Setting up FSLogix with Azure Virtual Desktop
Implementing FSLogix within your Azure Virtual Desktop environment provides an optimized experience for your end users. For example, a non-persistent Pooled Windows AVD host pool will allow the user to have a decreased sign-in time because user profiles are stored in the VHD(X) file that gets mounted every time the user signs into the session host.
You can implement this in various ways, but I will show you how to do this with Azure Files in this blog.
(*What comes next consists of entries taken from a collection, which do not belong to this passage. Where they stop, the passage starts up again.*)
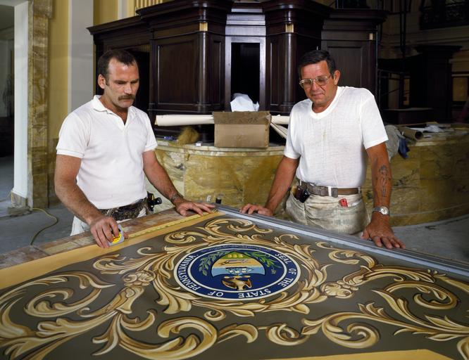 | Keywords: Workers examine state symbols to be placed on the ceiling during the Willard Hotel's restoration, Washington, D.C LCCN2011634858.tif 1 transparency color ; 4 x 5 in or smaller Notes Digital image produced by Carol M Highsmith to represent her original film transparency; some details may differ between the film and the digital images ; Forms part of the Selects Series in the Carol M Highsmith Archive ; Gift and purchase; Carol M Highsmith; 2011; DLC/PP-2011 124 ; Title date subject note and keywords provided by the photographer ; Photograph taken during the 1980s ; Credit line Photographs in the Carol M Highsmith Archive Library of Congress Prints and Photographs Division between 1980 1990 Creator Carol M Highsmith Library of Congress Catalog http //lccn loc gov/2011634858 Image download https //cdn loc gov/master/pnp/highsm/16600/16665a tif Original url http //hdl loc gov/loc pnp/highsm 16665 No known restrictions on publication LOC-image highsm 16665 PD-Highsmith Images uploaded by Fæ Photographs by Carol M Highsmith |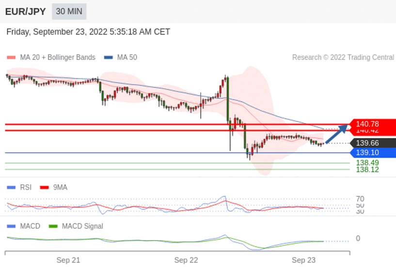欧元/日元 当日内: 有上涨的可能,目标价位定在 140.78 。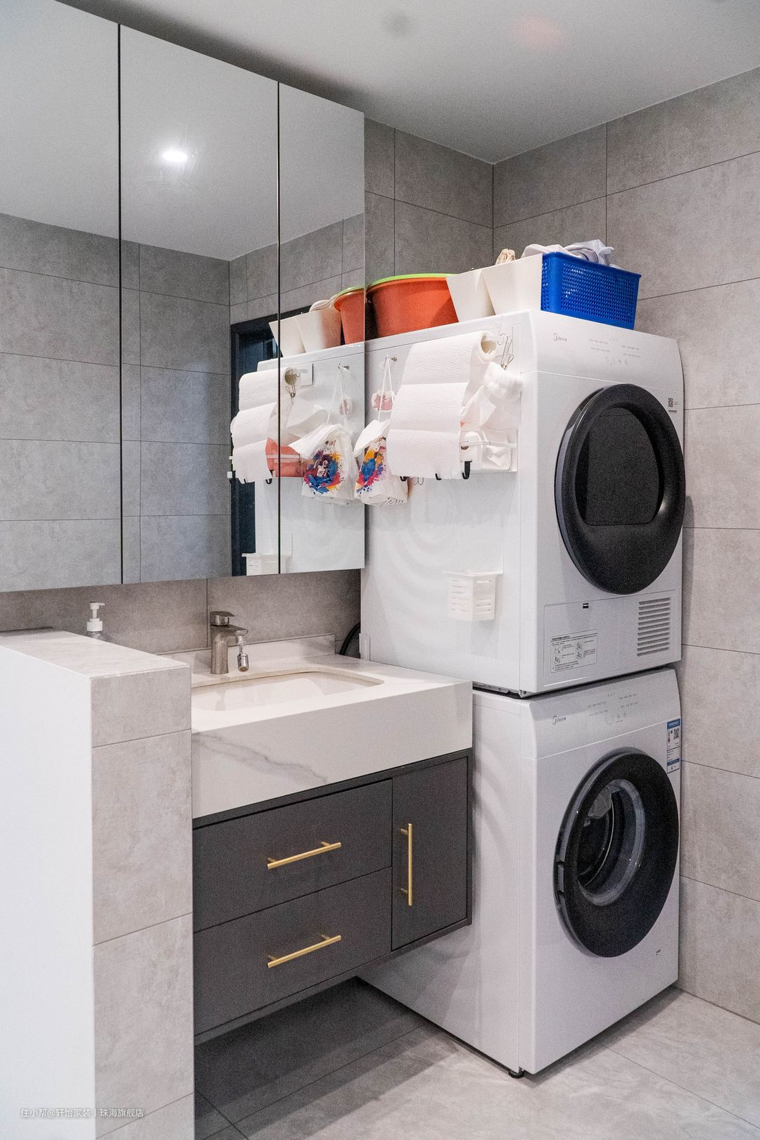 洗面台处拆除原有隔墙,采用半墙隔断,让出空间给过道,加之大面积镜柜,消解视觉狭长。改成洗漱台外置,干区湿区分开更显清爽,在墙角嵌入洗衣机+烘干机,提升空间利用率。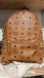 Stylish MCM backpack in cognac. Features gold studs and iconic logo pattern. Ideal for daily use.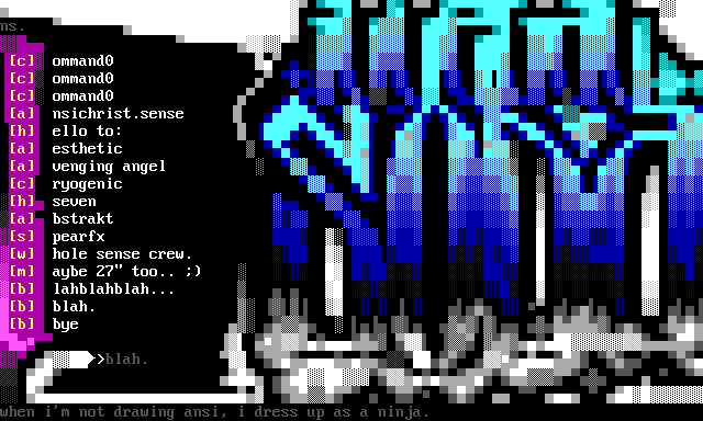 b blah. b bye blah. when im not drawing ansi, i dress up as a ninja.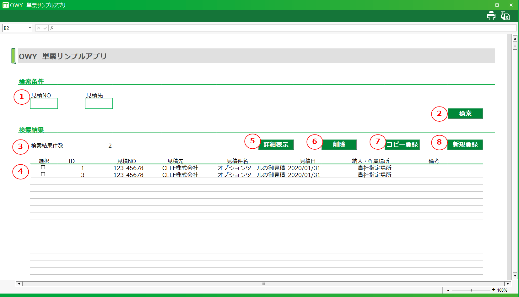 [1] 検索ボックス検索条件を入力するための領域です。[2] 検索ボタンデータベースからデータを検索し、検索結果を表示するボタンです。[3] 検索結果件数一覧に表示している件数です。[4] データ一覧データベースから取得したデータを表示する領域です。[5] 詳細表示ボタンメイン画面を表示し、選択したデータの詳細を表示するボタンです。[6] 削除ボタン選択したデータをデータベースから削除するボタンです。[7] コピー登録ボタン選択したデータを複製し、メイン画面を表示するボタンです。[8] 新規登録ボタンデータ未入力のメイン画面を表示し、新規にデータの登録を行うボタンです。アクションセット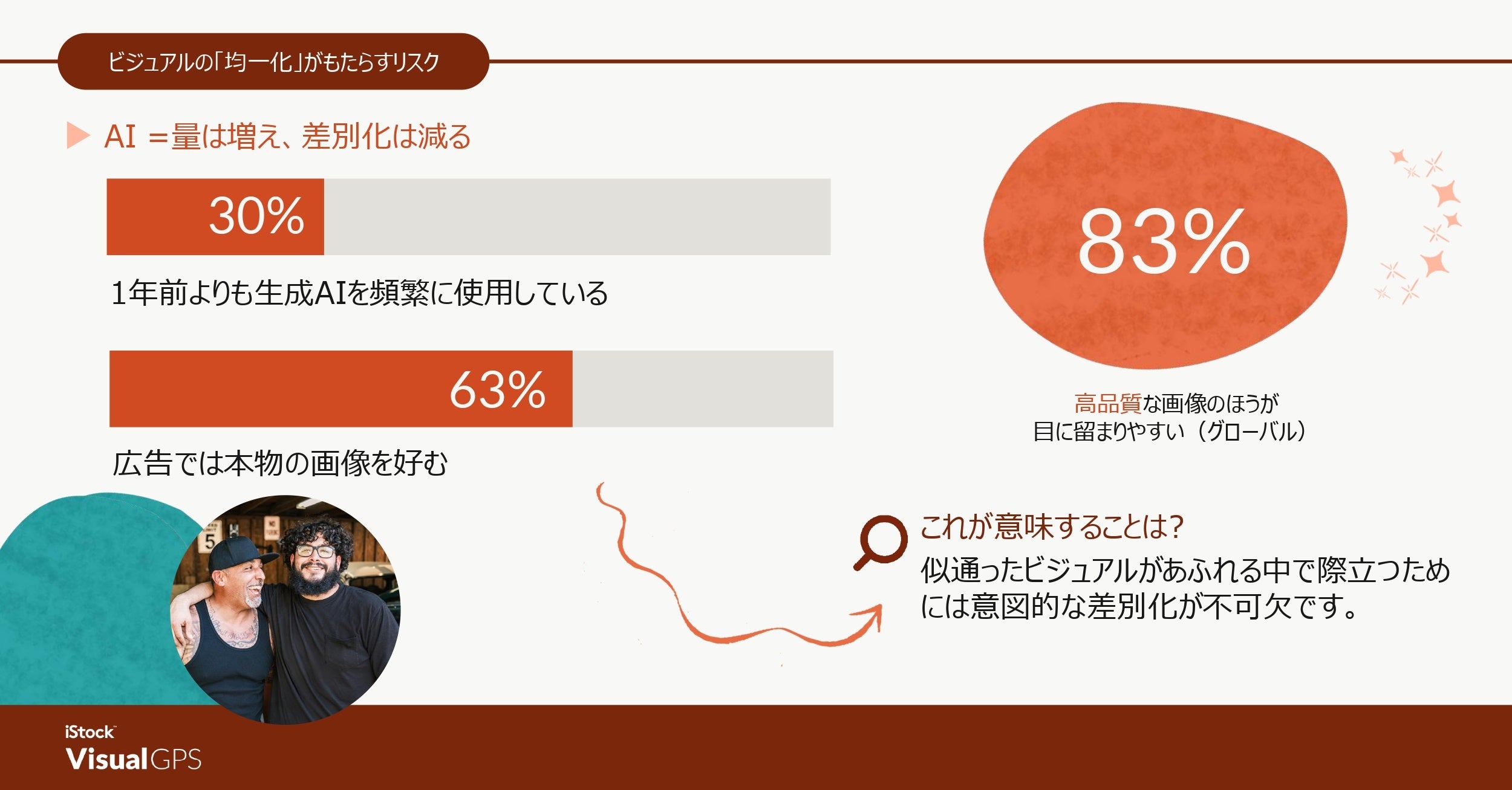 生成AIツールが、プレゼン資料、メール、ウェブサイト、ピッチデック、SNS投稿など、日常的なマーケティング活動に浸透する中で、ブランドが生み出すビジュアルの量は急増しています。VisualGPSによると、世界全体の44%、また日本の消費者の30%が「1年前よりも生成AIを頻繁に使用している」と回答しており、その理由に「簡単に、洗練されたコンテンツを素早く作れる」ことを挙げています。しかしその反面、多くのコンテンツが似通った見た目・印象になってしまっています。VisualGPSの画像テストでは、世界全体の83%が「高品質な画像のほうが目に留まりやすい」と回答しており、AI生成かどうかに関わらず、明瞭さやリアリティ、クラフトマンシップの重要性が浮き彫りになっています。中小企業にとっての鍵は、AIの賢い活用と真正性の両立です。AIはトーンや色、構図の調整に役立つ一方で、リアルな画像は信頼性を補完します。実際、日本の消費者の63%が「広告では本物の画像を好む」と回答しています。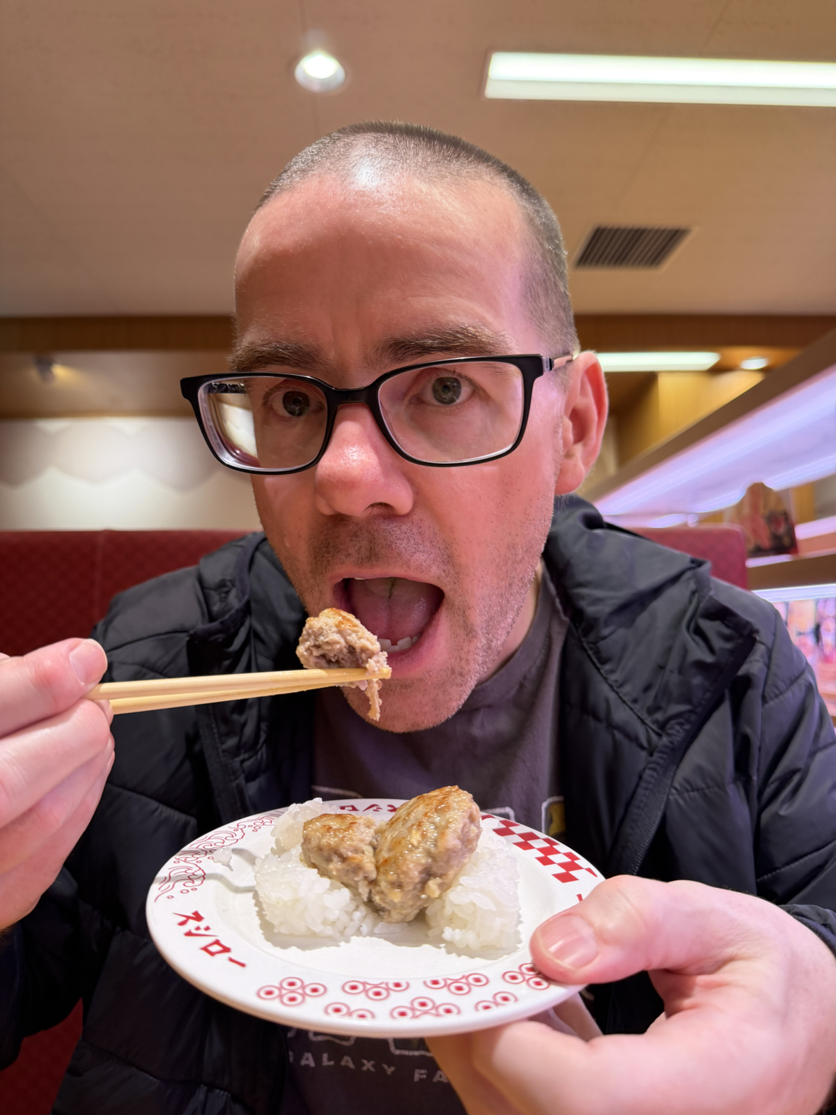 I’m eating my favourite: hamburger sushi. Made with beef. But not, I suspect, the type of beef most tourists visit Kobe to eat:

Azure Files is an Azure service that allows you to scale it on-demand, and it doesn’t depend on a VM running at all times like having a typical Windows File Server.
Below is a quick summary of deploying an FSLogix Profile container using Azure Files.
- Create a Storage Account with a Private Endpoint
- Create a File Share in the storage account
- Enable Active Directory Authentication on the storage account
- Configure access control in the storage account and NTFS permissions of the Azure File Share
- Install FSLogix in your AVD host pool
- Test the results.
Note: Depending on your setup in Azure, you can configure FSLogix to work via a GPO. In this blog, I will be deploying a basic AVD setup, and I plan to go into further detail about FSLogix and GPO configurations.
Step 1: Create a new resource group to store resources.
Login into your Azure Portal Account to perform the steps provided below.
Once you have logged into your Azure Portal, search for Resource Groups, click + Create, and then fill in the required information. Once you are finished entering the details, click Review + create.
Note: With any resource group I create, I like to follow Microsoft’s naming convention recommendations in the Microsoft doc below.
Step 2: Create a Storage account
Once your resource group is created, create a new storage account. You can search for Storage Account or click it on the left-hand resource blade.
Select your Subscription and resource group that you just created, and if you haven’t made one, choose the option to create a new one. Next, give the storage account a name; it must be globally unique and select your Azure location.
Click on the Advanced tab and go through any additional settings you want to configure for this storage account, but we will use the default options for this example. Once finished reviewing the Advanced settings, click on the Networking tab.
Select the preferred Network connectivity you want to use; in this example, I will leave the default settings since this is a lab environment. In a real-world scenario, you will want to use a Private Endpoint connection or set specific access from selected virtual networks or IP addresses. I will later cover Private Endpoint configurations with storage accounts in a later blog.
Continue through the next tab, Recovery, and in my example, I am using the default settings.
Once finished, click on Encryption, and in this example, I am using the default settings.
Step 3: Create a File Share
Go to your newly created Storage account, click + File Share, and fill in the required fields. For this file share, I will use the Hot tier for Storage.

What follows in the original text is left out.